(DATASET EXCERPTS)
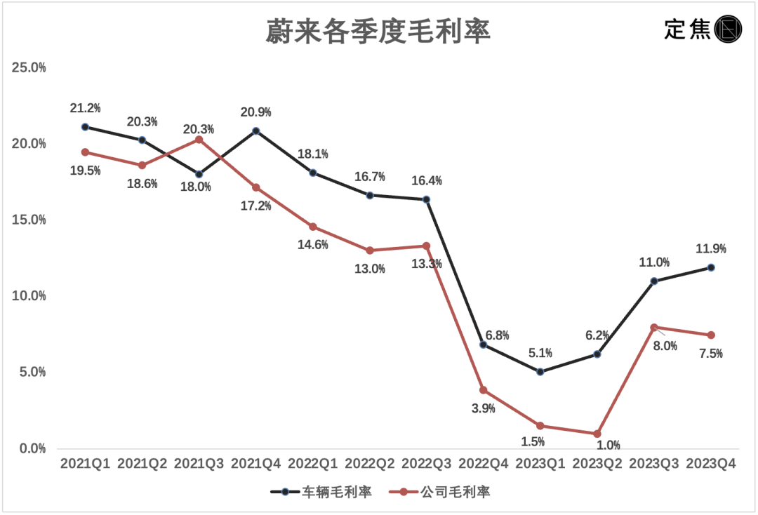 现在来看,去年二季度是最低谷。蔚来汽车销售毛利率在三季度重回两位数,四季度进一步回升至11.9%,这是一个好迹象。
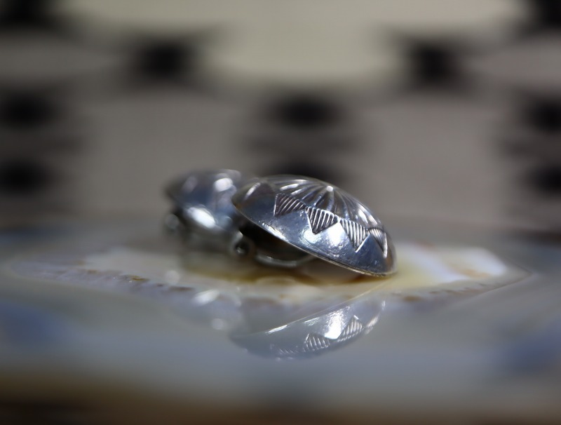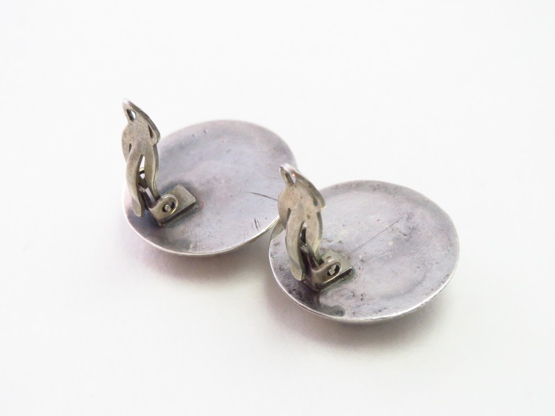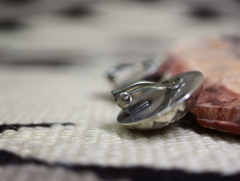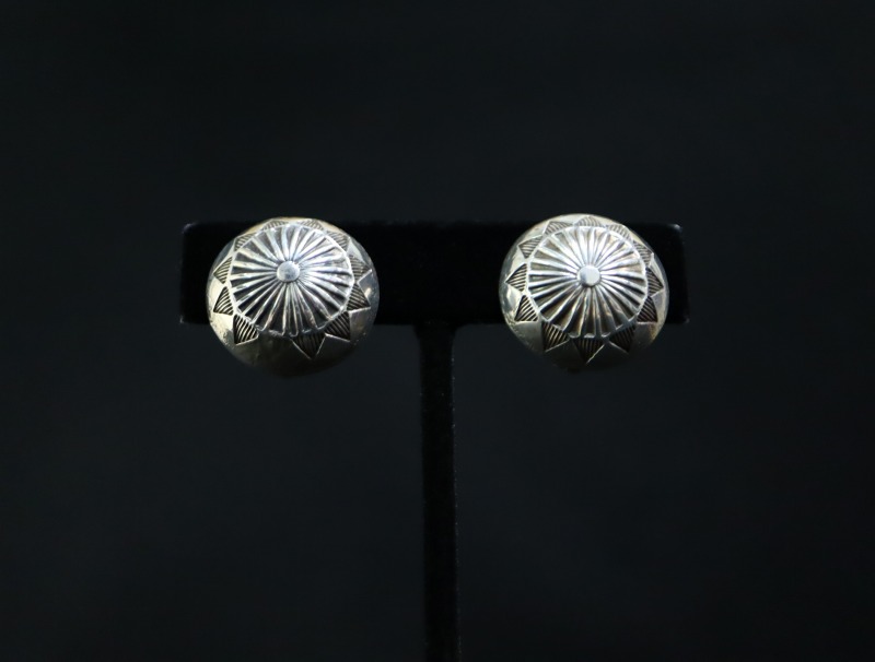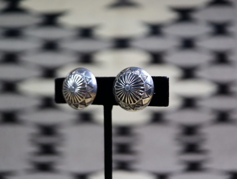 【NAVAJO】ナバホの偉大なシルバースミス兄弟の弟【Ike Wilson】アイク・ウィルソン(1901-1942)とその妻【Katherine Wilson】キャサリン・ウィルソン、又は兄である【Austin Wilson】オースティン・ウィルソン(1901-1976)による作品と推測されるピース。素晴らしいクオリティのスタンプワークが刻まれた立体的なドーム型のコンチョをクリップタイプのイヤリングに構成した作品です。
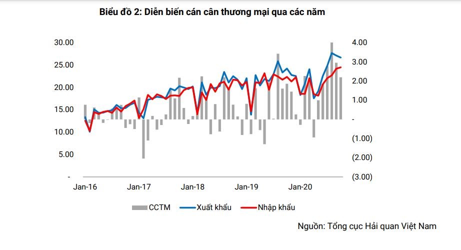 Thứ hai, bối cảnh vĩ mô và thị trường tài chính trong nước - quốc tế thuận lợi. Một mặt, nguồn cung ngoại tệ tiếp tục duy trì trạng thái dồi dào kể từ đầu năm khi cán cân thương mại đạt mức thặng dư cao kỷ lục và hoạt động giải ngân FDI sôi động trở lại nhờ dịch bệnh trong nước được kiểm soát hiệu quả.
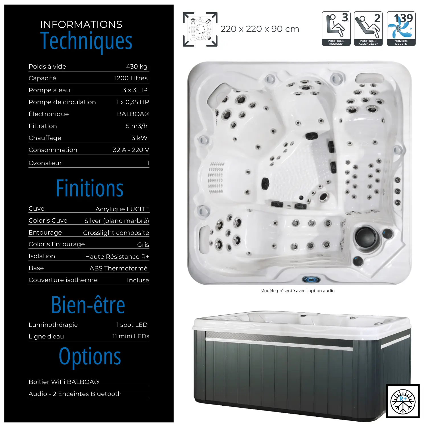 Retrouvez toutes les caractéristiques techniques détaillées du spa pour préparer votre projet d’installation.
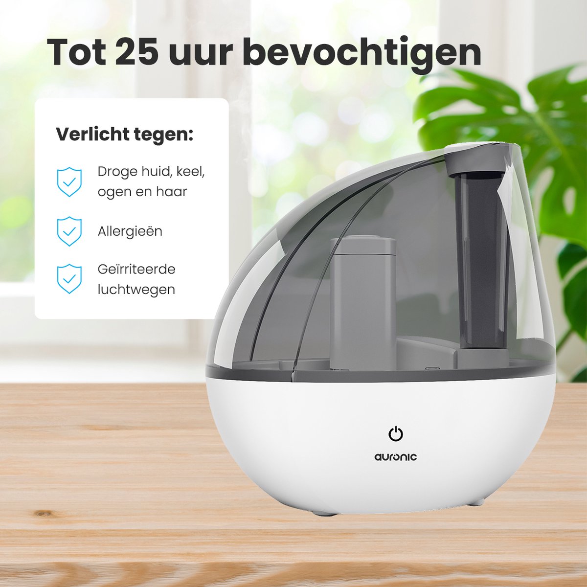 The Auronic Humidifier is the solution to dry air in the cold winter months. With a usage time of one day, you can easily let the humidifier do its job. The Auronic Humidifier is very quiet in operation and thus suitable for the bedroom, study or baby's room, for example. The Auronic humidifier comes with a water filter, extra water filters are available separately.
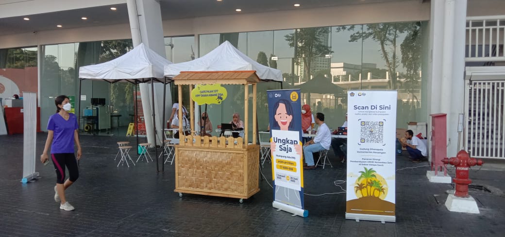 Kantor Wilayah Direktorat Jenderal Pajak (Kanwil DJP) Jakarta Pusat bekerjasama dengan Kantor Pelayanan Pajak (KPP) Pratama Jakarta Tanah Abang Tiga membuka pojok pajak di kawasan Gelora Bung Karno (GBK), Jakarta Pusat (Jumat, 10/6).
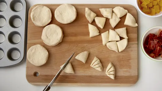 Step2Separate dough into 8 biscuits, and cut each into quarters. With serrated knife, carefully cut 3 slits into top of each biscuit piece about 1/4 inch apart, without cutting all the way through to the bottom.
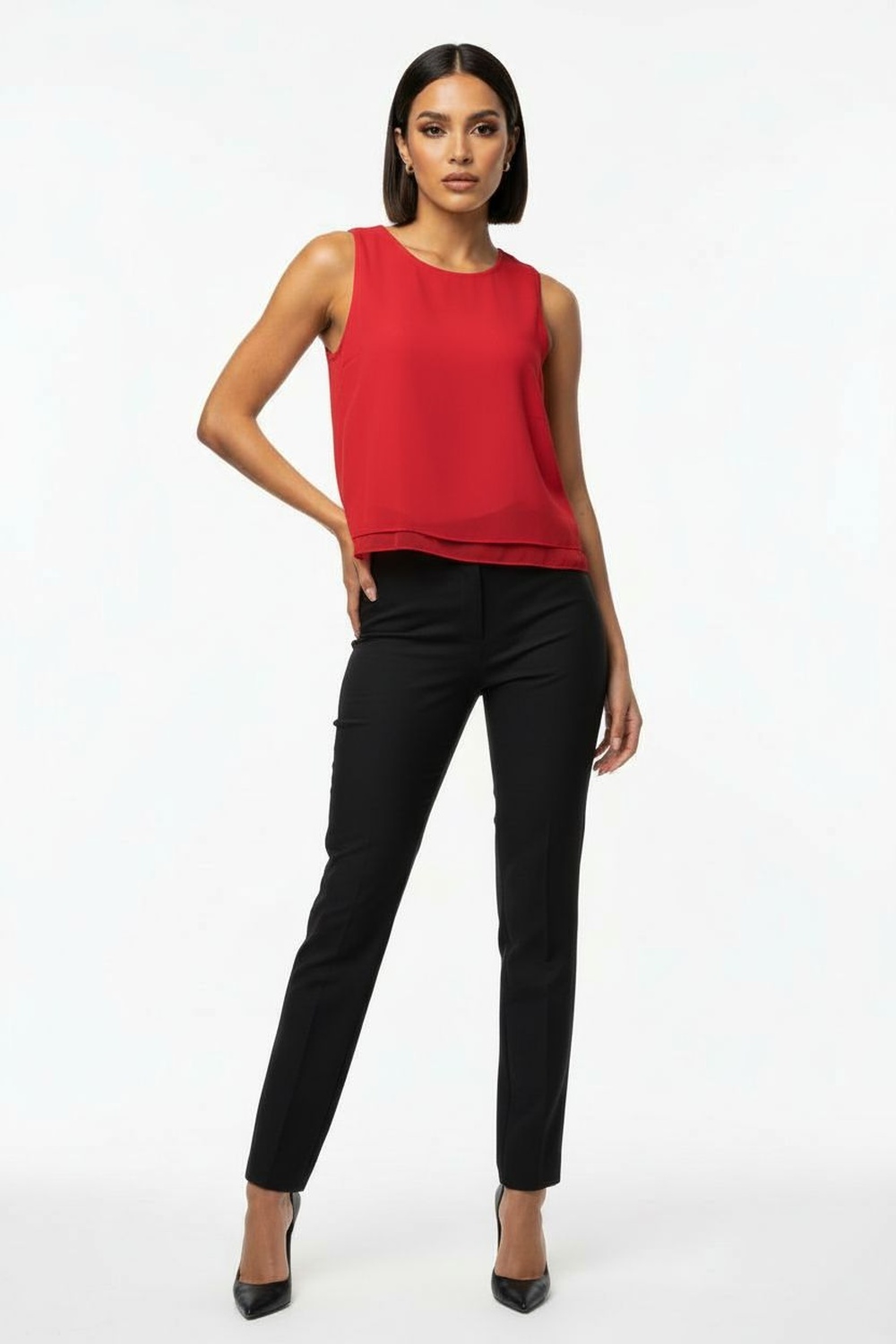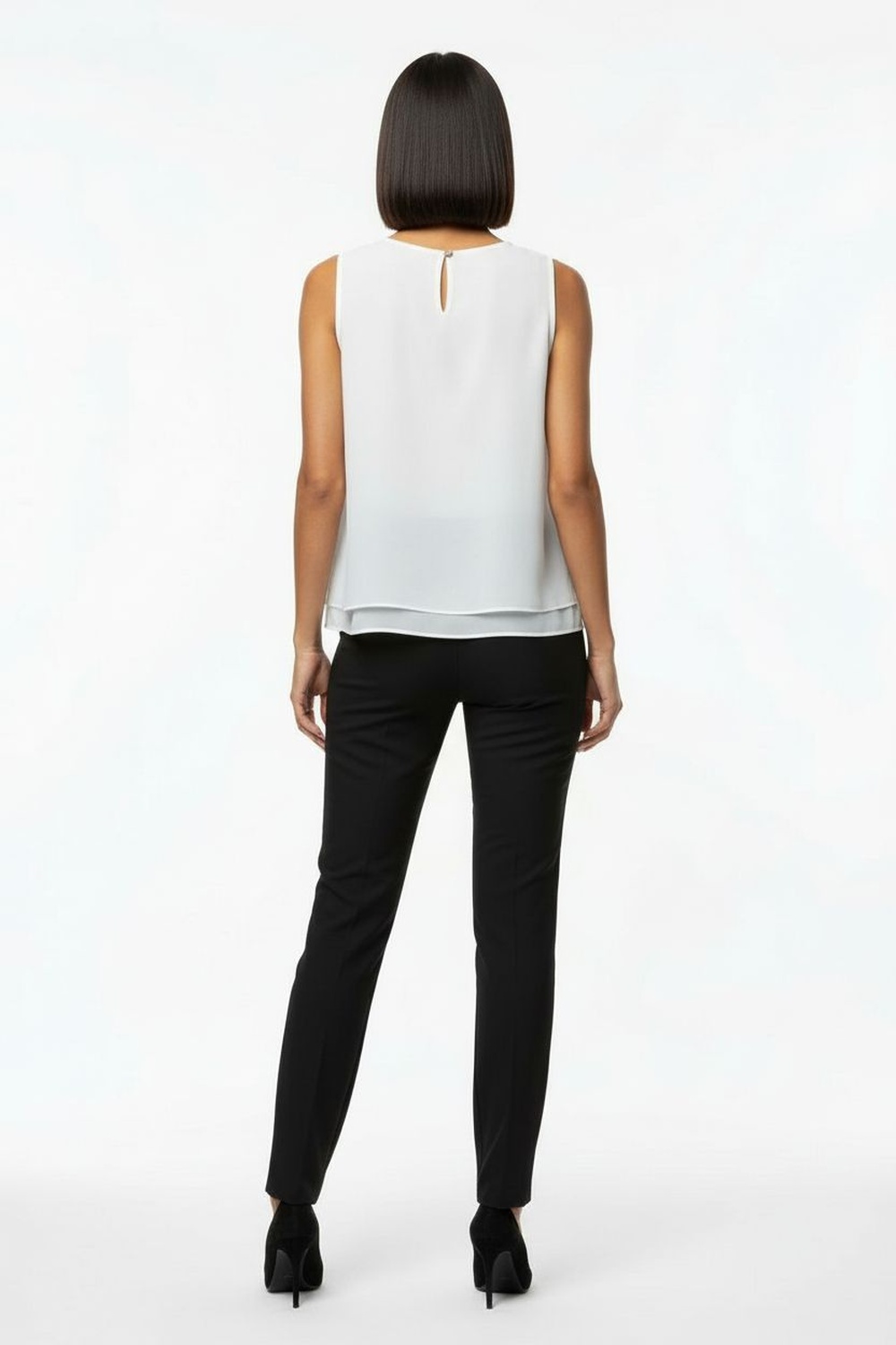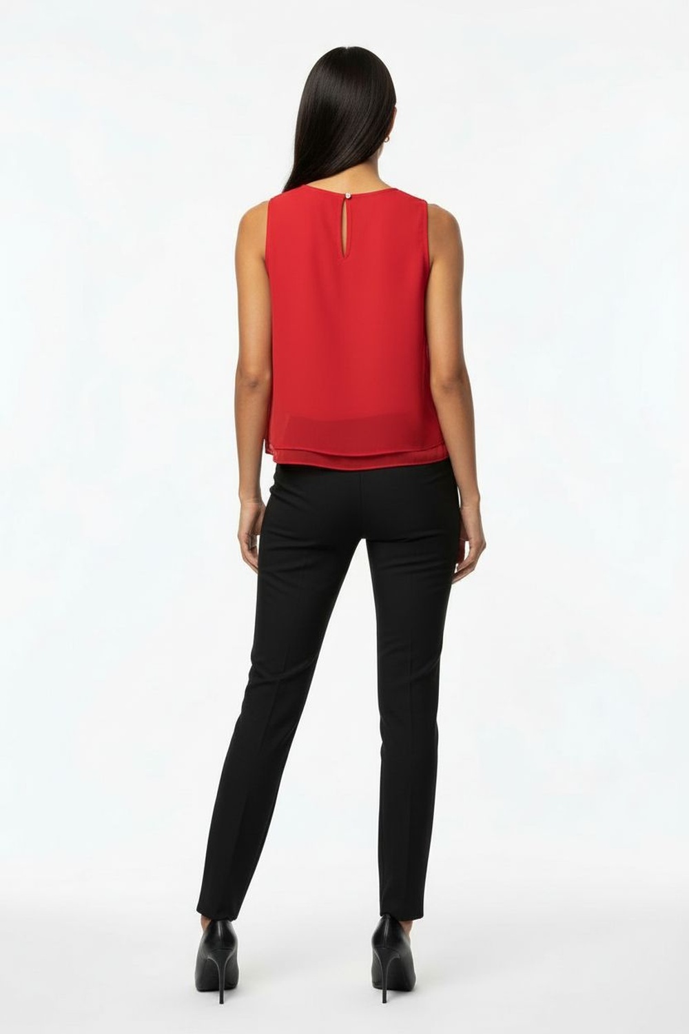 Blusa sin mangas de doble capa, escote redondo, diseño ligero con caída fluida, acabado limpio en orillas, silueta recta
(End DATASET EXCERPTS)
_ACTION ITEM_: Give back each line above verbatim, dropping every picture.

_SOLUTION TO THE EXERCISE_:
 现在来看,去年二季度是最低谷。蔚来汽车销售毛利率在三季度重回两位数,四季度进一步回升至11.9%,这是一个好迹象。
 【NAVAJO】ナバホの偉大なシルバースミス兄弟の弟【Ike Wilson】アイク・ウィルソン(1901-1942)とその妻【Katherine Wilson】キャサリン・ウィルソン、又は兄である【Austin Wilson】オースティン・ウィルソン(1901-1976)による作品と推測されるピース。素晴らしいクオリティのスタンプワークが刻まれた立体的なドーム型のコンチョをクリップタイプのイヤリングに構成した作品です。
 Thứ hai, bối cảnh vĩ mô và thị trường tài chính trong nước - quốc tế thuận lợi. Một mặt, nguồn cung ngoại tệ tiếp tục duy trì trạng thái dồi dào kể từ đầu năm khi cán cân thương mại đạt mức thặng dư cao kỷ lục và hoạt động giải ngân FDI sôi động trở lại nhờ dịch bệnh trong nước được kiểm soát hiệu quả.
 Retrouvez toutes les caractéristiques techniques détaillées du spa pour préparer votre projet d’installation.
 The Auronic Humidifier is the solution to dry air in the cold winter months. With a usage time of one day, you can easily let the humidifier do its job. The Auronic Humidifier is very quiet in operation and thus suitable for the bedroom, study or baby's room, for example. The Auronic humidifier comes with a water filter, extra water filters are available separately.
 Kantor Wilayah Direktorat Jenderal Pajak (Kanwil DJP) Jakarta Pusat bekerjasama dengan Kantor Pelayanan Pajak (KPP) Pratama Jakarta Tanah Abang Tiga membuka pojok pajak di kawasan Gelora Bung Karno (GBK), Jakarta Pusat (Jumat, 10/6).
 Step2Separate dough into 8 biscuits, and cut each into quarters. With serrated knife, carefully cut 3 slits into top of each biscuit piece about 1/4 inch apart, without cutting all the way through to the bottom.
 Blusa sin mangas de doble capa, escote redondo, diseño ligero con caída fluida, acabado limpio en orillas, silueta recta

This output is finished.